A part of her that held on to the smallest fragment

Of hope that something would change,

And he would take the path towards the light,

Back to her.

 

His scream is laced with fear,

For what now?  What awaits him

Except the cold, devastating darkness

And not the warm, safe embrace of her arms

That he has so longed for despite the battle lines

They drew so very long ago.

 

She has been so reliant on the fact that he was

always there these ages past, her enemy

Yet her counterpart in every way, and for him to

Not be there moving forward, save only in

Her memories, is earth shattering and

Her heart cannot bear that burden.

 

This world would be forever strange to her

Without him, he had always been in her mind,

And now he is gone,

Spirit scattered on the wind,

Broken beyond all care and recognition,

The rock on which she unconsciously leant

For stability if nothing else

Has been removed.  

 

And she is so very adrift without him

Notes:

Title Comes from Emily Brontë, Wuthering Heights, one of the quotes to inspire this piece:
“Be with me always - take any form - drive me mad! only do not leave me in this abyss, where I cannot find you! Oh, God! it is unutterable! I can not live without my life! I can not live without my soul!”
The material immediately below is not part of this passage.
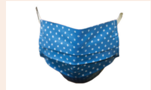
לא למסכות בד! עמ' 5

Second Wuthering Heights Quote (thanks to Mari for posting this):
"'It is not,' retorted she; 'it is the best! The others were the satisfaction of my whims: and for Edgar's sake, too, to satisfy him. This is for the sake of one who comprehends in his person my feelings to Edgar and myself. I cannot express it; but surely you and everybody have a notion that there is or should be an existence of yours beyond you. What were the use of my creation, if I were entirely contained here? My great miseries in this world have been Heathcliff's miseries, and I watched and felt each from the beginning: my great thought in living is himself. If all else perished, and HE remained, I should still continue to be; and if all else remained, and he were annihilated, the universe would turn to a mighty stranger: I should not seem a part of it. - My love for Linton is like the foliage in the woods: time will change it, I'm well aware, as winter changes the trees. My love for Heathcliff resembles the eternal rocks beneath: a source of little visible delight, but necessary. Nelly, I AM Heathcliff! He's always, always in my mind: not as a pleasure, any more than I am always a pleasure to myself, but as my own being. So don't talk of our separation again: it is impracticable; and - '"

Quote from the The Return of The King (thanks to Glanwen for posting this)
“The magnitude of his own 𝖋𝖔𝖑𝖑y was revealed to him in a blinding flash, and all the devices of his enemies were at last laid bare. [...] From all his policies and webs of fear and treachery, from all his stratagems and wars his mind shook 𝖋𝖗𝖊𝖊.”